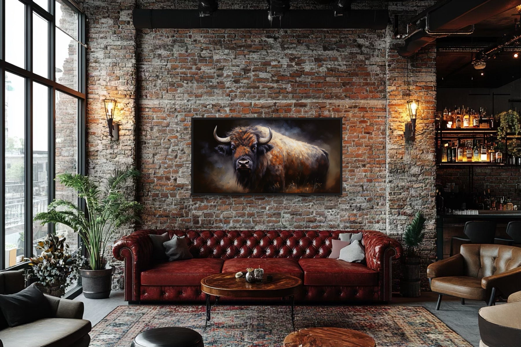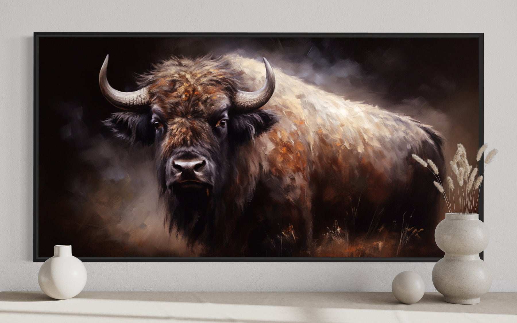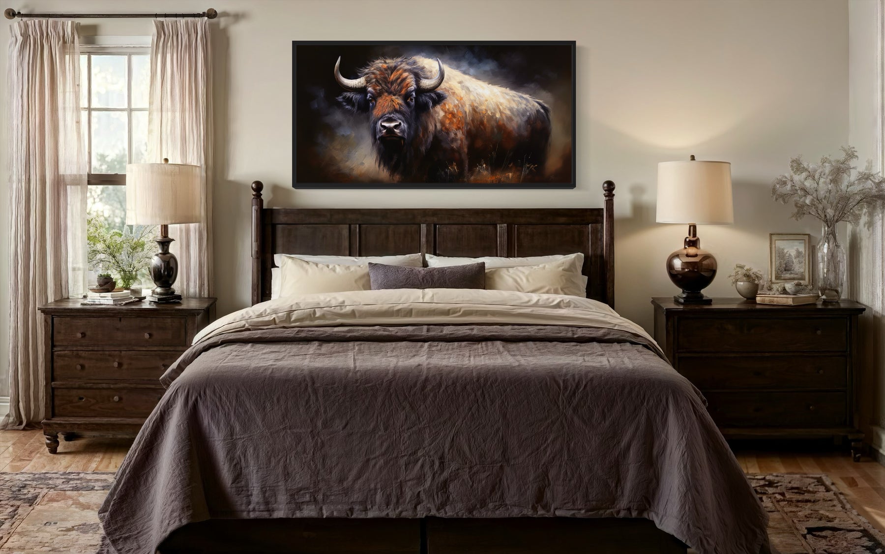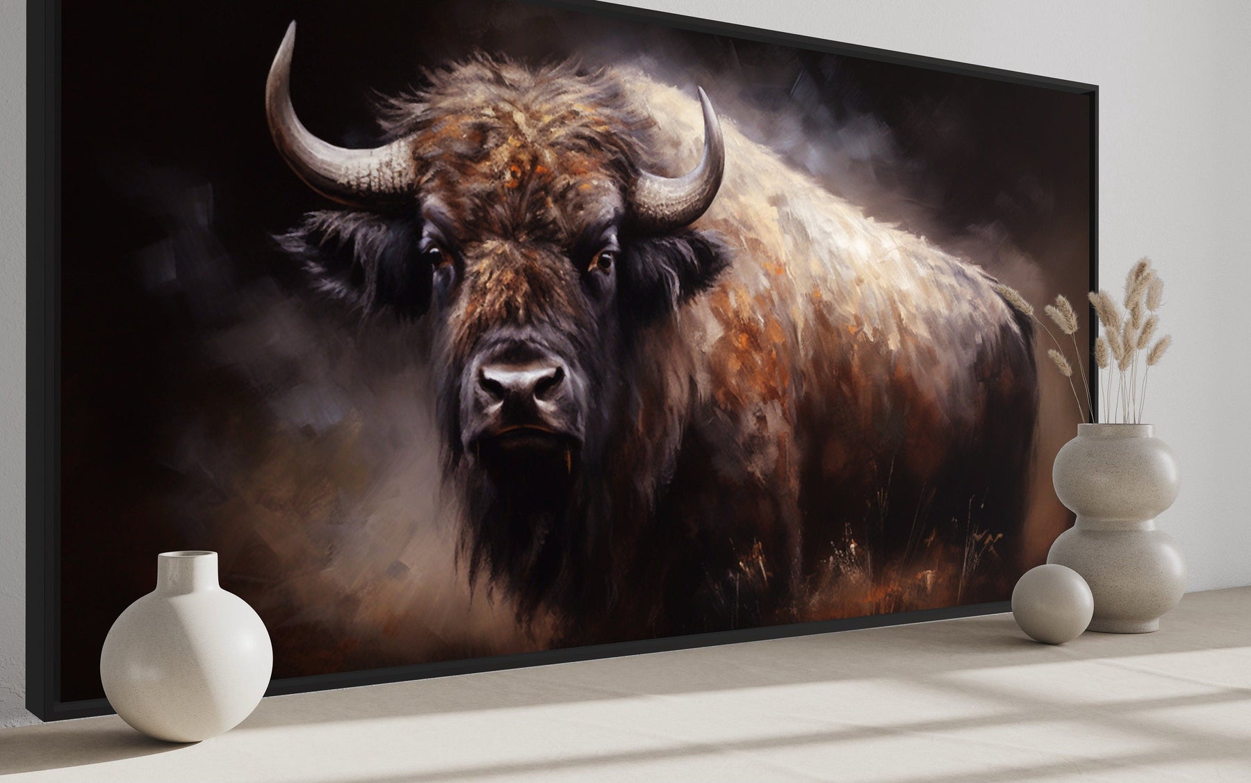The color palette of this buffalo painting is a rich tapestry of earthy browns, deep blacks, and warm tans, reflecting the buffalo's natural surroundings. Hints of muted beige and soft gray create depth, adding dimension to the rugged texture of the animal and its environment. The background contrasts beautifully with the bold, dark tones of the buffalo, allowing the figure to stand out dramatically. These organic colors bring warmth and grounding to any room, making the piece feel both inviting and powerful. The subtle gradients of light and shadow enhance the realism, giving the artwork a lifelike presence. This harmonious palette complements rustic, industrial, or even minimalist decor styles. Whether paired with wooden furniture or modern accents, this buffalo painting adds a timeless touch. Let the warm tones and dynamic contrasts of this piece transform your space into a celebration of nature’s elegance.
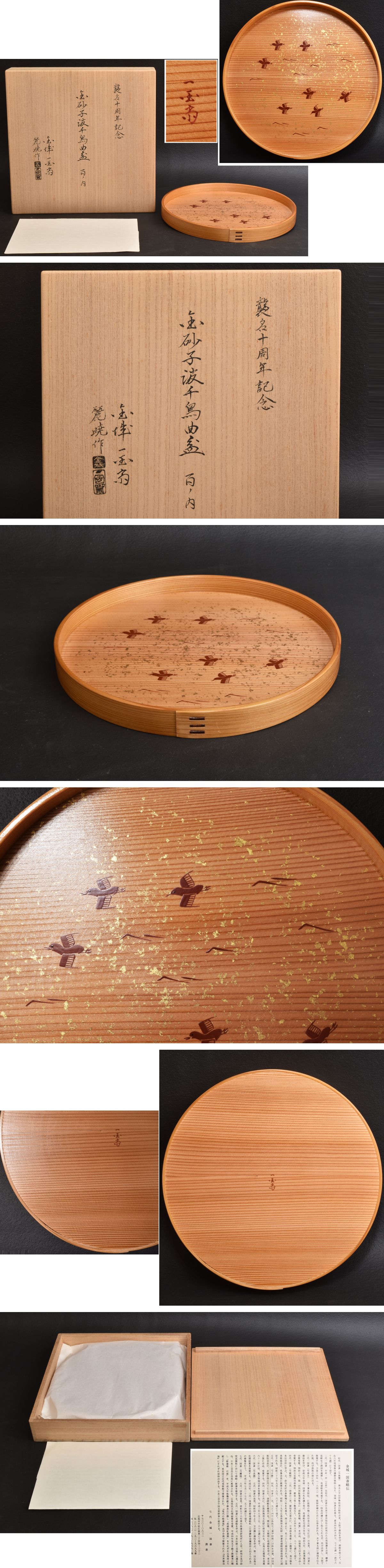 5496 金城一国斎(麗暁作)国砂子波千鳥曲盆 百ノ内 襲名十周年記念 共箱 收藏
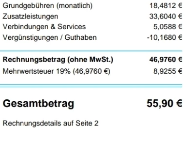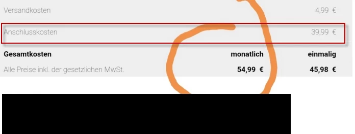 Wenn du Hilfe benötigst dann musst du auch die Hilfe annehmen. Lustiger Weise hast du zwar den monatlichen Preis wiederholt aber nicht die Einmalkosten. Aber das steht, wie geschrieben genau in der Rechnung!
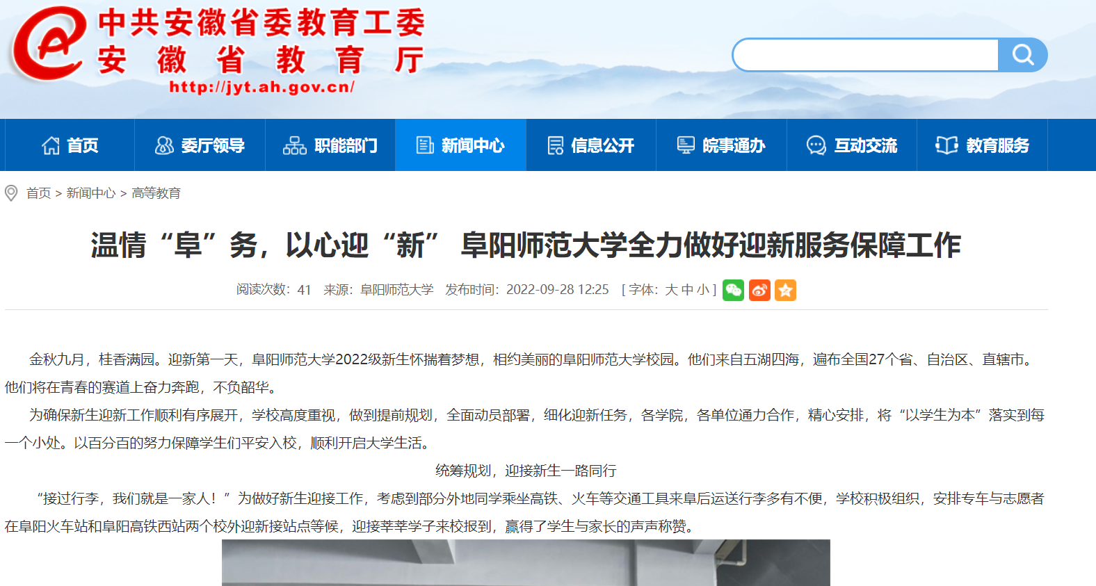 9月28日,安徽教育网报道:温情“阜”务,以心迎“新” 阜阳师范大学全力做好迎新服务保障工作。文章地址:
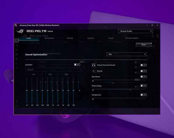 Armoury Crate & Aura Sync Install the original Armoury Crate software to synchronize light effects with other Aura Sync-enabled products. Access 16.8 million of colors, preset effects, and wallpapers to take your setup to the next level. | Armoury Crate Gear Made exclusively for ROG Pelta, Armoury Crate Gear is a software that lets you check battery level, adjust RGB lighting, and tweak EQ settings for tailored audio experiences. |
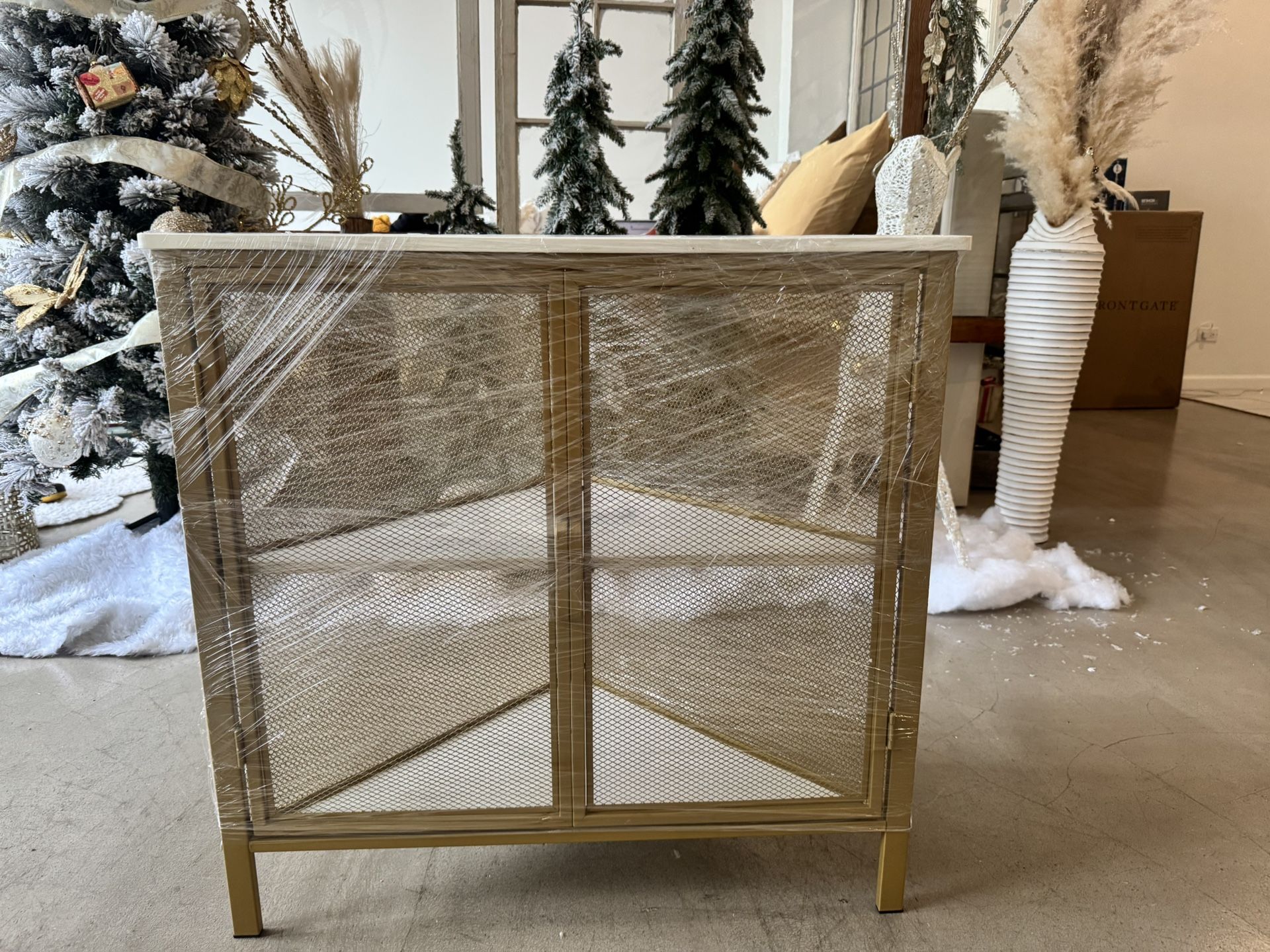 The White and Gold VECELO 3 tier corner cabinet is ideal for small spaces, apartments, dorms or any place with a limited amount of space. The corner cabinet features warm retro color panels and matte gold tubes, which are perfectly integrated into any home decor.
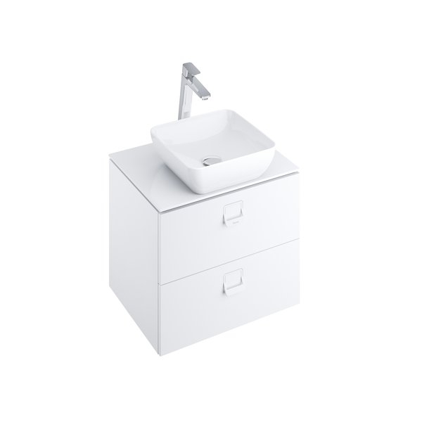 A Comfort 600 vízálló lakkozott lapot mély impregnálással kínáljuk fényes fehér színben. A SD Comfort 60 / SD Comfort II 60 fali szekrényre rögzíthető. A mosdókagyló vagy a térben álló csaptelep számára nincs előfúrva lyuk. A lap és a szekrény kombinációjával nagy tároló- és lerakóhely jön létre.

• _PROBLEM DETAILS_: No pictures should appear in the copy. Reproduce exactly the lines from the line containing "Wenn du Hilfe" through the last line of the data, inclusive.

• _RESPONSE AREA_:
 Wenn du Hilfe benötigst dann musst du auch die Hilfe annehmen. Lustiger Weise hast du zwar den monatlichen Preis wiederholt aber nicht die Einmalkosten. Aber das steht, wie geschrieben genau in der Rechnung!
 9月28日,安徽教育网报道:温情“阜”务,以心迎“新” 阜阳师范大学全力做好迎新服务保障工作。文章地址:
 Armoury Crate & Aura Sync Install the original Armoury Crate software to synchronize light effects with other Aura Sync-enabled products. Access 16.8 million of colors, preset effects, and wallpapers to take your setup to the next level. | Armoury Crate Gear Made exclusively for ROG Pelta, Armoury Crate Gear is a software that lets you check battery level, adjust RGB lighting, and tweak EQ settings for tailored audio experiences. |
 The White and Gold VECELO 3 tier corner cabinet is ideal for small spaces, apartments, dorms or any place with a limited amount of space. The corner cabinet features warm retro color panels and matte gold tubes, which are perfectly integrated into any home decor.
 A Comfort 600 vízálló lakkozott lapot mély impregnálással kínáljuk fényes fehér színben. A SD Comfort 60 / SD Comfort II 60 fali szekrényre rögzíthető. A mosdókagyló vagy a térben álló csaptelep számára nincs előfúrva lyuk. A lap és a szekrény kombinációjával nagy tároló- és lerakóhely jön létre.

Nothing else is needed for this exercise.